EXERCISE OBJECTIVE. Using only the entries below, output the lines starting at the one containing "Lupetto in poliviscosa" and ending at the one containing "Miami Heat High", exactly and inclusive of both, omitting the pictures.

SOURCE INFORMATION.
········

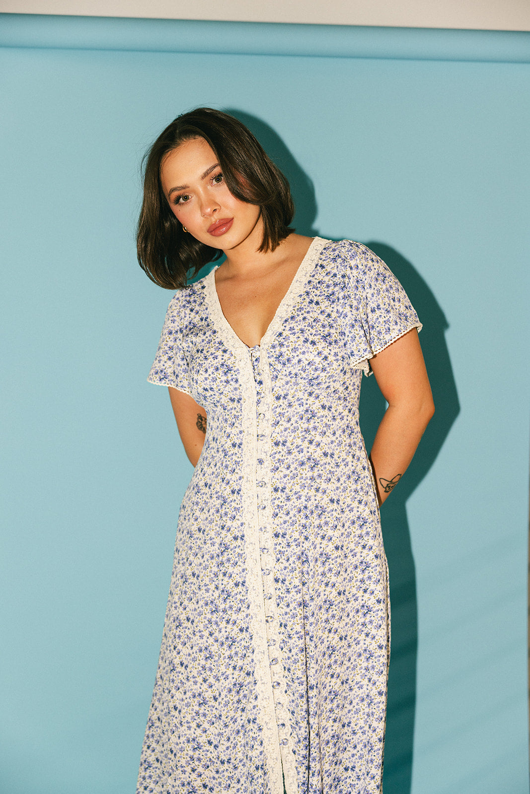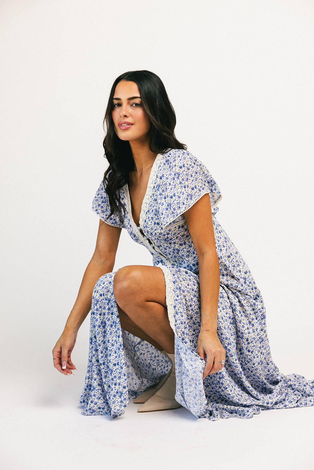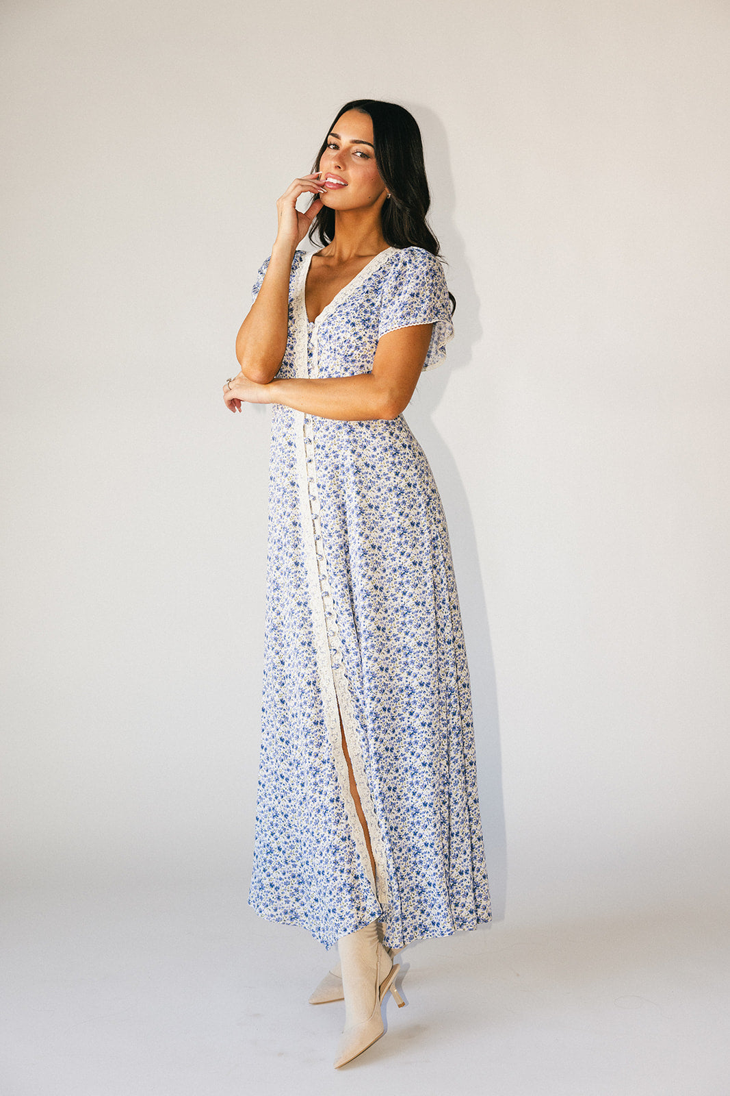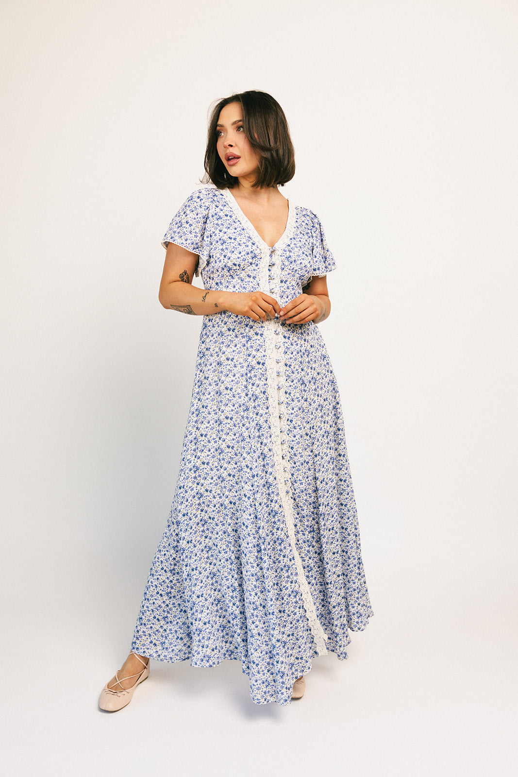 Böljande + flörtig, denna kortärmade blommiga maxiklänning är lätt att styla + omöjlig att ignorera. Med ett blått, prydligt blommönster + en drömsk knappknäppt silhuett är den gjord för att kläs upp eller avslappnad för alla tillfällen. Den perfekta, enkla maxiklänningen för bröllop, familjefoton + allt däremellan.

········

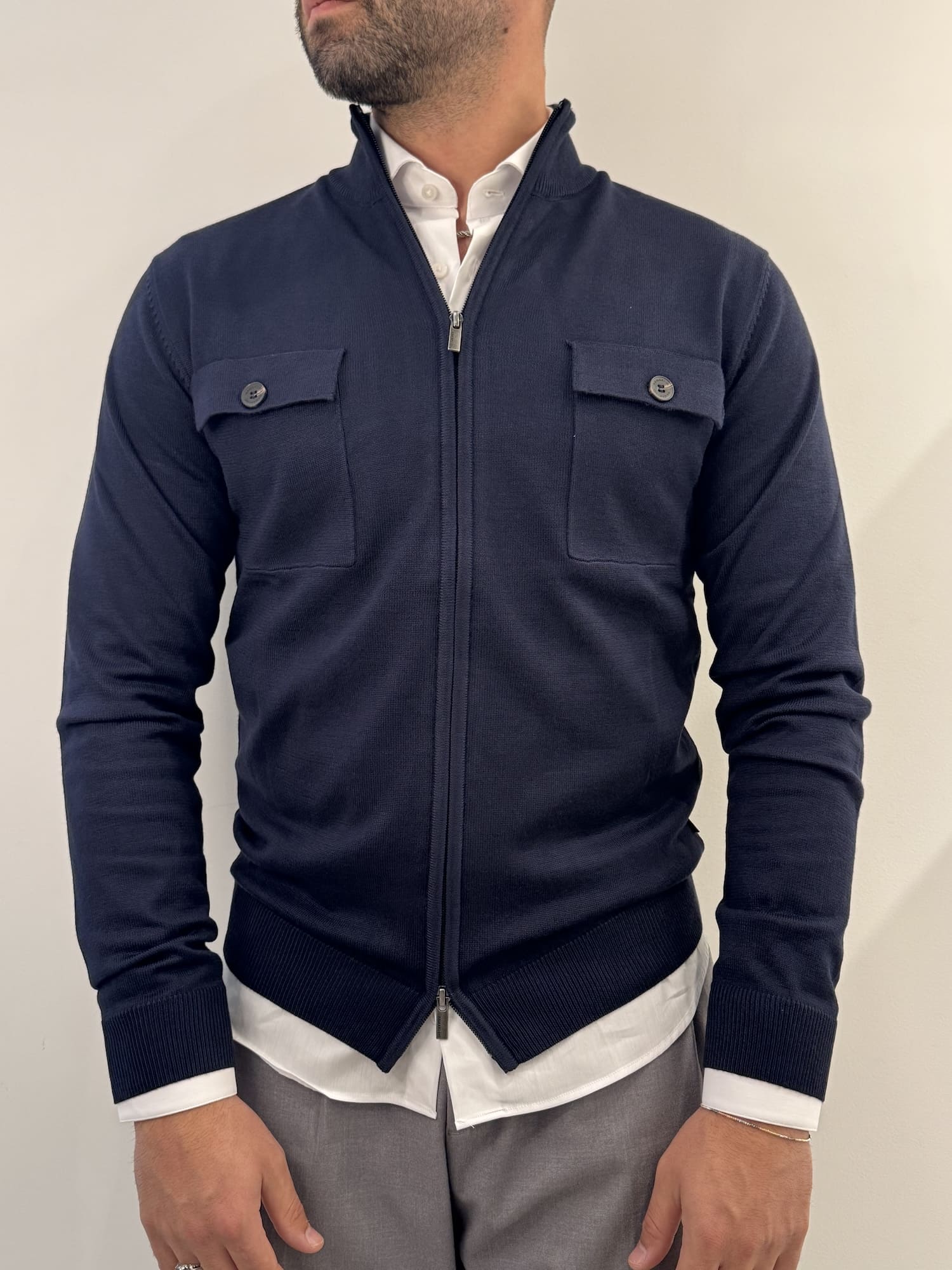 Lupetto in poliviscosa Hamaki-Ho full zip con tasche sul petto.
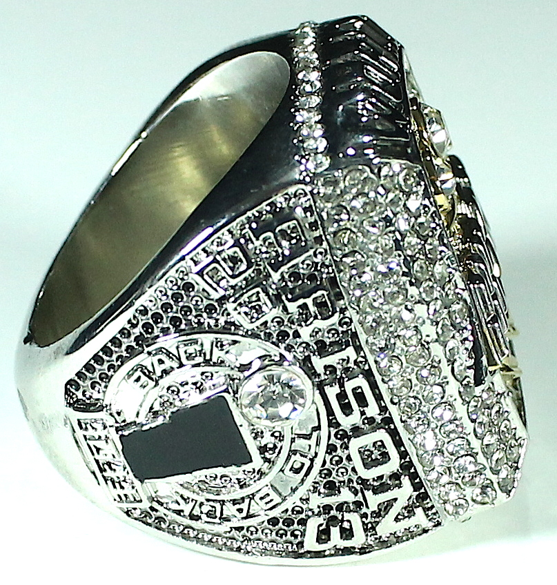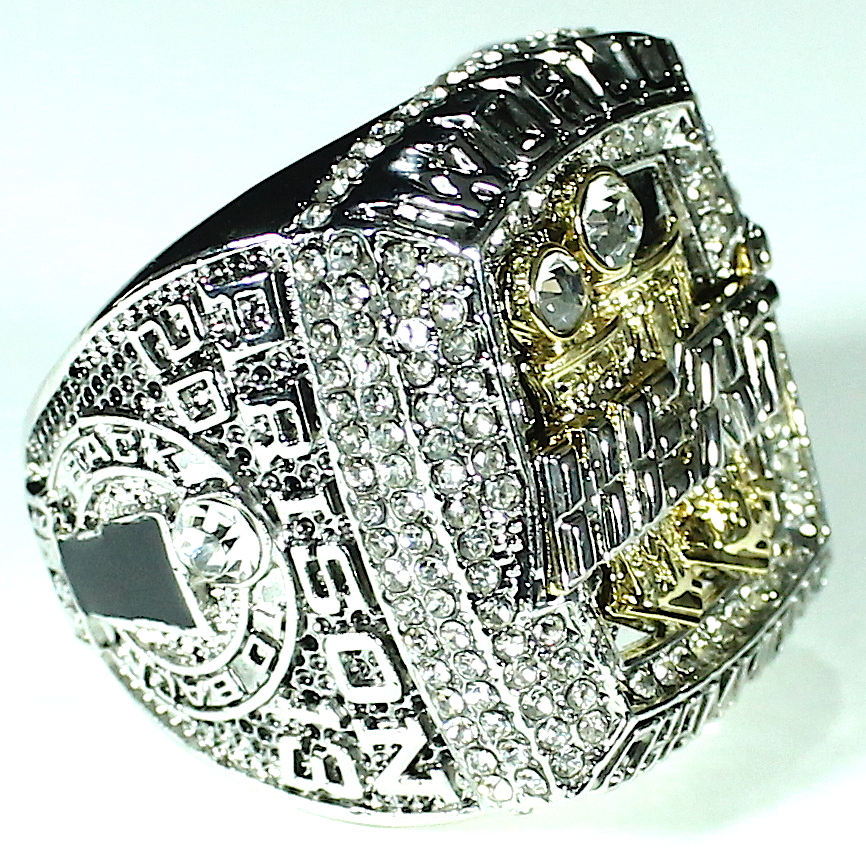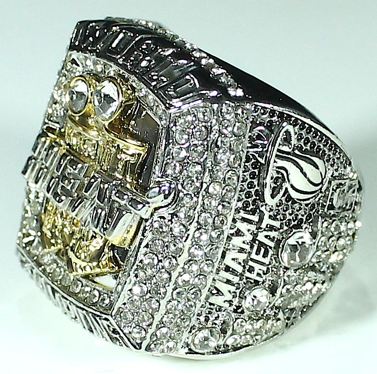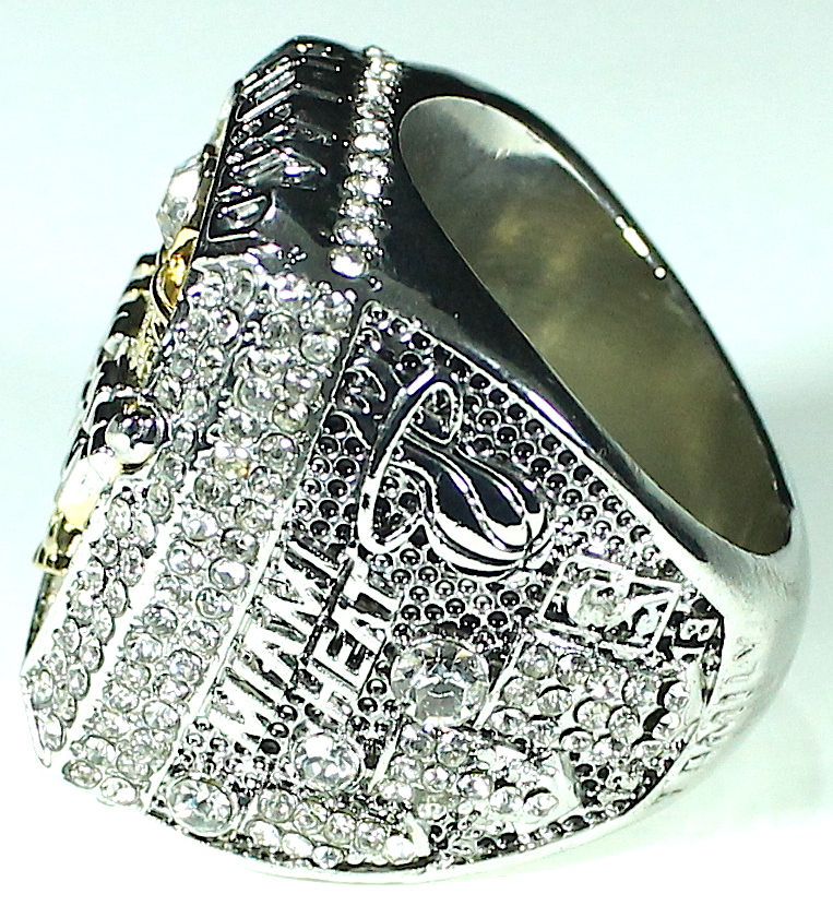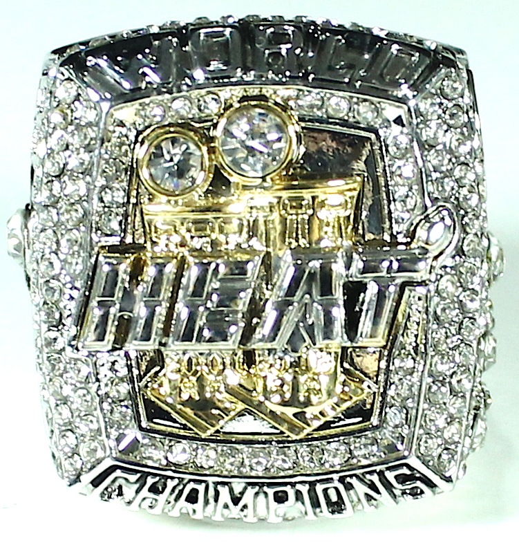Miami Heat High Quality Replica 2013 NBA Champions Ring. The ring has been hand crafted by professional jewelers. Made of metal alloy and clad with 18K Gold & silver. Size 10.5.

········

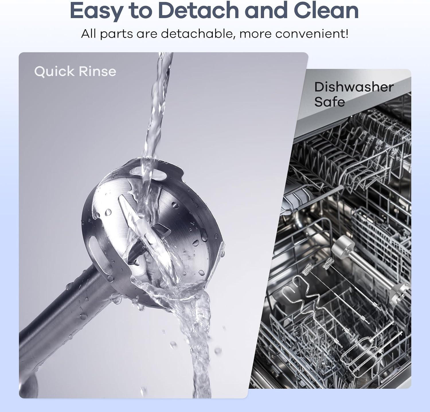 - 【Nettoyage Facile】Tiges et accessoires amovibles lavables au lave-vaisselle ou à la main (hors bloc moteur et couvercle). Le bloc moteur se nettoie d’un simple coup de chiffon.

········

OUTPUT FOR THIS TASK.
 Lupetto in poliviscosa Hamaki-Ho full zip con tasche sul petto.
Miami Heat High Quality Replica 2013 NBA Champions Ring. The ring has been hand crafted by professional jewelers. Made of metal alloy and clad with 18K Gold & silver. Size 10.5.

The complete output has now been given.